On 4/7/09, Michael Helmeste <mhelmest@uvic.ca> wrote:
Hi all, One of the duties of my current place of employ is reorganizing the network. We have a few Catalyst 6500 series L3 switches, but currently do all packet filtering (and some routing) using a software based firewall. Don't ask me, I didn't design it :)
Current security requirements are only based on TCP and non-stateful UDP src/dst net/port filtering, and so my suggestion was to use ACLs applied on the routed interface of each VLAN. There was some talk of using another software based firewall or a Cisco FWSM card to filter traffic at the border, mostly for management concerns. We expect full 1 gig traffic levels today, and 10 gig traffic levels in the future.
I view ACLs as being a cheap, easy to administrate solution that scales with upgrades to new interface line speeds, where a full stateful firewall isn't necessary. However, I wanted to get other opinions of what packet filtering solutions people use in the border and in the core, and why.

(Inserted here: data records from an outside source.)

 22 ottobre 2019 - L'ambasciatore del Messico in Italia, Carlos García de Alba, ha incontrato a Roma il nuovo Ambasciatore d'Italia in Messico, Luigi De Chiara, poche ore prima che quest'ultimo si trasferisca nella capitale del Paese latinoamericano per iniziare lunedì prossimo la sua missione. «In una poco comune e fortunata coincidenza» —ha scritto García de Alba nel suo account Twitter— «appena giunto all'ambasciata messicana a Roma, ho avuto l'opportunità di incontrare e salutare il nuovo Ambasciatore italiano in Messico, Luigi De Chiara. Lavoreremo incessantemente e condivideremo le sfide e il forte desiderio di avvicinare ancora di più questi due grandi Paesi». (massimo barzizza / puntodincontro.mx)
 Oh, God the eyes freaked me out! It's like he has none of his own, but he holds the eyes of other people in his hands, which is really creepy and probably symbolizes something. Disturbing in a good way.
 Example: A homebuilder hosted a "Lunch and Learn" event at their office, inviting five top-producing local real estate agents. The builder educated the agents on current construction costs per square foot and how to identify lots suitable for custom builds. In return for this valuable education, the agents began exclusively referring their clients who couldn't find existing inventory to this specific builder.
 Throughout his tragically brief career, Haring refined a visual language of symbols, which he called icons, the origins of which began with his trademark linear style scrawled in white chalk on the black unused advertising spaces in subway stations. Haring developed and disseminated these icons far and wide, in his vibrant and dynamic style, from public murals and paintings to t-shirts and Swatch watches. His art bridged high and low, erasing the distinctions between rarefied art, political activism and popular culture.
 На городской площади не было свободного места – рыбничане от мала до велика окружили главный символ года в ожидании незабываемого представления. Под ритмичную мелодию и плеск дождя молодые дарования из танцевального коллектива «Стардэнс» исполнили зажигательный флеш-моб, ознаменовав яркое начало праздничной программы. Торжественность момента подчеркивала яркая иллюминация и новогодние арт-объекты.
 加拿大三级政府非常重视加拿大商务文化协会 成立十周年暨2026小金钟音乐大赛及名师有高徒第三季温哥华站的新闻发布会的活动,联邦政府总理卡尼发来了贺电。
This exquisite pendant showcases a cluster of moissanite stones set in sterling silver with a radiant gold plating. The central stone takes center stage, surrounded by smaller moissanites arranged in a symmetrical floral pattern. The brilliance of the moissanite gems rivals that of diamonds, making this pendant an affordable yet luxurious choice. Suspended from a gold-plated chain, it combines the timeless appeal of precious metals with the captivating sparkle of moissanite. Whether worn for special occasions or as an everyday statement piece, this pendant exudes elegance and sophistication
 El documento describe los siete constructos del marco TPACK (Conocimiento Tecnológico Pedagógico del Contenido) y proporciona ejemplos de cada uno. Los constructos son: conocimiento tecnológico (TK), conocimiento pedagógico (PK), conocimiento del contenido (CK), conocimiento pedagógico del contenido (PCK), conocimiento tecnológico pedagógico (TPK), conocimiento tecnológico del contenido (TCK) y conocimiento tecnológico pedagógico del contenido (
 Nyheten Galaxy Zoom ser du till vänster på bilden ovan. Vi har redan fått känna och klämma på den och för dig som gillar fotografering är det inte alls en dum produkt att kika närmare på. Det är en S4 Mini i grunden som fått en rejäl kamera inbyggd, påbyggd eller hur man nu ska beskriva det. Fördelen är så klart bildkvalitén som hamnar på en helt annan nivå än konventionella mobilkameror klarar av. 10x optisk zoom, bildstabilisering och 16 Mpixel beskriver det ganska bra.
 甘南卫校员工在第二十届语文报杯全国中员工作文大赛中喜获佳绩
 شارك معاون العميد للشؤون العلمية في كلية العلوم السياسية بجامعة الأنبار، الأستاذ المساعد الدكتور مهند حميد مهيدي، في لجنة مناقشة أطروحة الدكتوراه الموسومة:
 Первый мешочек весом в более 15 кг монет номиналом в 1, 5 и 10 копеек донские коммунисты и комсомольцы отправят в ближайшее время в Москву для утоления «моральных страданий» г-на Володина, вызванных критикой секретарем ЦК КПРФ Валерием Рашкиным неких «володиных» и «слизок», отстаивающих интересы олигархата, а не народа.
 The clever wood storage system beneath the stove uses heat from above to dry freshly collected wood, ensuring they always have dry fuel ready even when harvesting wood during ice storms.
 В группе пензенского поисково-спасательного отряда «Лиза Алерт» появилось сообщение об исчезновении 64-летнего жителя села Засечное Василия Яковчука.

ACLs are a cheap solution; ease of administration depends on your scale in terms of number of entries. Keep in mind that depending on your hardware platform, using ACLs can run into unexpected limitations. If you're considering doing this on the 6500 platform, read up on TCAM limitations and L4Op/LOU operator limits: http://www.cisco.com/en/US/products/hw/switches/ps708/products_white_paper09... It can be a very rude awakening when you add one more seemingly innocuous ilne to your ACL, and discover the entire thing has suddenly gone into software switched mode. With that caveat aside, there are many large sites that do make use of ACLs as part of their security repetoire. It's definitely something to consider, just be aware of your hardware platform's limitations before diving in headfirst. Matt
What's out there, and why do you guys use it? How do you feel about the scalability, performance, security, and manageability of your solution? What kind of traffic levels do you put through it?